- Born: 9 October 1940 Helsinki, Finland
- Died: 22 November 2020 Helsinki, Finland

Education
- Alma mater: University of Helsinki Stanford University

Philosophical work
- Institutions: University of Helsinki

= Raimo Tuomela =

Finnish philosopher (1940–2020)

Raimo Heikki Tuomela (9 October 1940 – 22 November 2020) was a Finnish philosopher.

==Career==
Tuomela received his first degree of doctor of philosophy in 1968 from the University of Helsinki and the second one in 1969 from Stanford University. Tuomela was full professor of philosophy (especially methodology and philosophy of the social sciences) at the Department of Philosophy, University of Helsinki in 1971–2008.

Having earlier worked and published in many fields of philosophy, especially philosophy of science and philosophy of action, the theory of social action has been his main research interest.
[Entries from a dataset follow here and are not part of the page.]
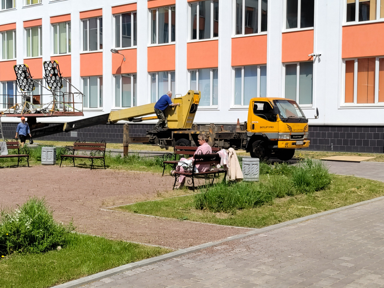 съёмочная группа технический транспорт фургон оборудование для съёмок организация съёмок рабочий процесс городская среда инфраструктура служебный транспорт подготовка площадки логистика техническая зона транспортная база работа команды выездная съёмка осветительная платформа подъёмная техника световые приборы установка света грузовик подготовка съёмок инженерная техника оборудование для кино зона отдыха люди на скамейках городская территория фасад здания наружная съёмка размещение оборудования монтаж света техническая команда уличная площадка работа на высоте световой комплекс профессиональное оборудование транспорт съёмочной группы работа инженераПохожие фотографии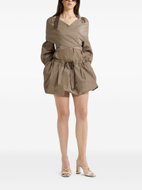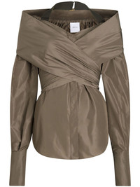 wrap blouse Highlights - Barley brown - Concealed front button fastening - Rear tie fastening - Long puff sleeves - Curved hem Imported Composition Recycled Polyester 100%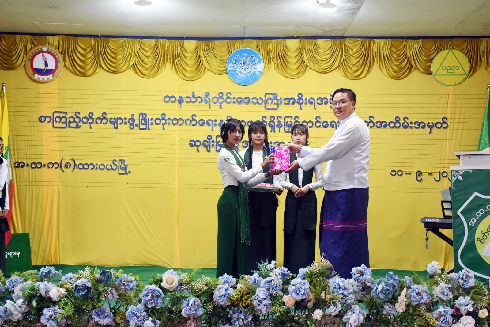 ယင်းနောက် တိုင်းဒေသကြီးလမ်းပန်းဆက်သွယ်ရေးဝန်ကြီးဦးအောင်ဇော်လှိုင်၊ တိုင်းဒေသကြီး တိုင်းရင်းသားရေးရာဝန်ကြီး ဦးစောမာတင်လူသာ၊ တိုင်းဒေသကြီးဥပဒေချုပ်ဦးအုန်းသန်း၊ တိုင်းဒေသကြီးပြန်ကြားရေးနှင့်ပြည်သူ့ဆက်ဆံရေးဦးစီးဌာန ညွှန်ကြားရေးမှူးဒေါ်မြင့်မြင့်ခိုင်၊ တိုင်းဒေသကြီးပညာရေး ညွှန်ကြားရေးမှူးဦးဝင်းနောင်တို့က ပြိုင်ပွဲဝင်ကျောင်းသားကျောင်းသူများကို ဂုဏ်ပြုလက်ဆောင်များပေးအပ်ကြသည်။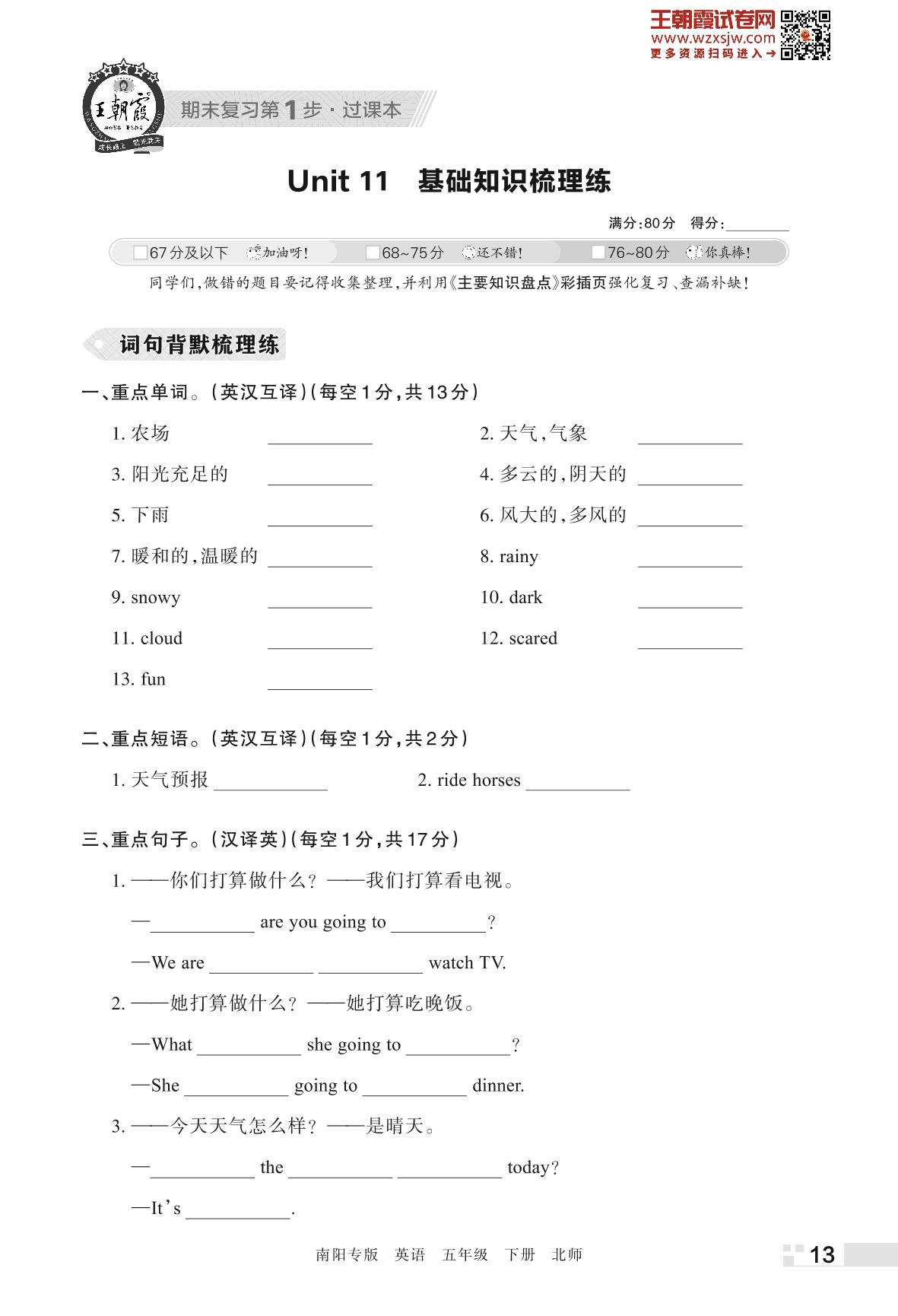 王朝霞期末过课本——Unit 11 基础知识梳理练五年级下册英语(北师版)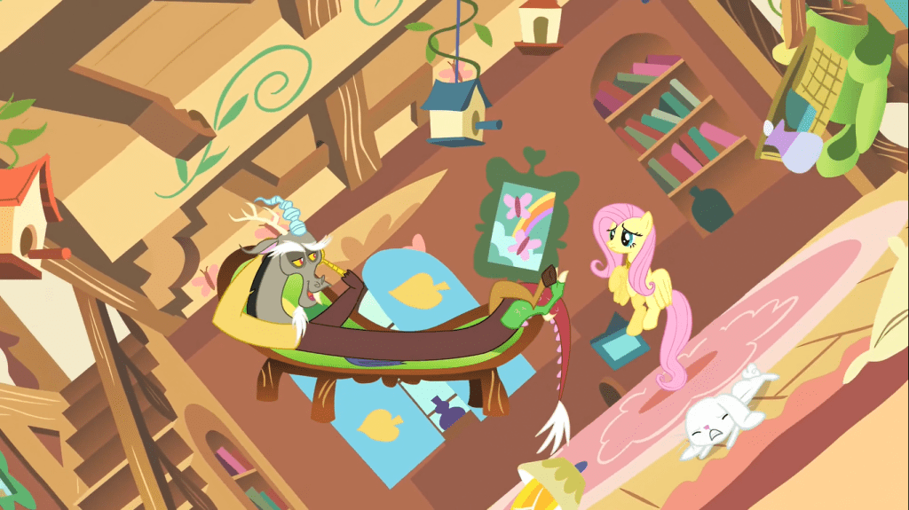 Meanwhile at Fluttershy’s place, Discord has made the house constantly rotate, claiming it’s more comfortable for him, and Fluttershy buys into it. It’s not an unfair assumption on her end; this guy is the Lord of Chaos. He never feels at home when things are plain and straightforward.

Tuomela received several grants and awards, including the Alexander von Humboldt Foundation Research Award (Forschungspreis), awarded in recognition of achievements in research, and the honour prize of Finnish Academy of Science and Letters.
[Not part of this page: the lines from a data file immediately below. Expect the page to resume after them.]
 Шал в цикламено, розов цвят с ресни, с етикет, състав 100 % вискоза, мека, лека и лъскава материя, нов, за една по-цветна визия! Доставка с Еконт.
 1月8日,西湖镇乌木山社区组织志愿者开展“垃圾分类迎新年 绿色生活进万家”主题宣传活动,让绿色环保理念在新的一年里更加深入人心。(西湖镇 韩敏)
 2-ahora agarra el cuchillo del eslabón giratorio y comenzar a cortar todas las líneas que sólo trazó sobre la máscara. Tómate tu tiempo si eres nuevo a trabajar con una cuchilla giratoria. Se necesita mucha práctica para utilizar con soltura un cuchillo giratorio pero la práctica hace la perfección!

During the five-year period 1995–2000, Tuomela was Academy Professor at the Academy of Finland. This research professorship also included a research group working within the general field of the philosophy of social action.

==Books==
In English
- Theoretical Concepts. Library of Exact Philosophy 10, Springer-Verlag, Wien and New York, 1973, 254 pp.
- Theoretical Concepts and Hypothetico-Inductive Inference (together with Ilkka Niiniluoto). Synthese Library, D. Reidel Publishing Company, Dordrecht and Boston, 1973, 262 pp.
- Human Action and Its Explanation: A Study on the Philosophical Foundations of Psychology. Synthese Library, D. Reidel Publishing Co., Dordrecht and Boston, 1977, 426 pp.
- A Theory of Social Action. D. Reidel Publishing Company, Dordrecht, Boston, and Lancaster, 1984, 534 pp.
- Science, Action, and Reality. D. Reidel Publishing Company, Dordrecht, Boston, and Lancaster, 1985, 274 pp.
- The Importance of Us: A Philosophical Study of Basic Social Notions. Stanford Series in Philosophy, Stanford University Press, Stanford, Calif., 1995, 470 pp.
- Cooperation: A Philosophical Study, Philosophical Studies Series, Kluwer Academic Publishers, 2000, 431 pp.
- The Philosophy of Social Practices: A Collective Acceptance View, Cambridge University Press, 2002, 274 pp.
- The Philosophy of Sociality, Oxford University Press, 2007, 318 pp.
- Social Ontology: Collective Intentionality and Group Agents, 2013, New York: Oxford University Press.

In Finnish
- Tiede, toiminta ja todellisuus. Tieteellisen maailmankäsityksen filosofiset perusteet, Gaudeamus, Jyväskylä, 1983.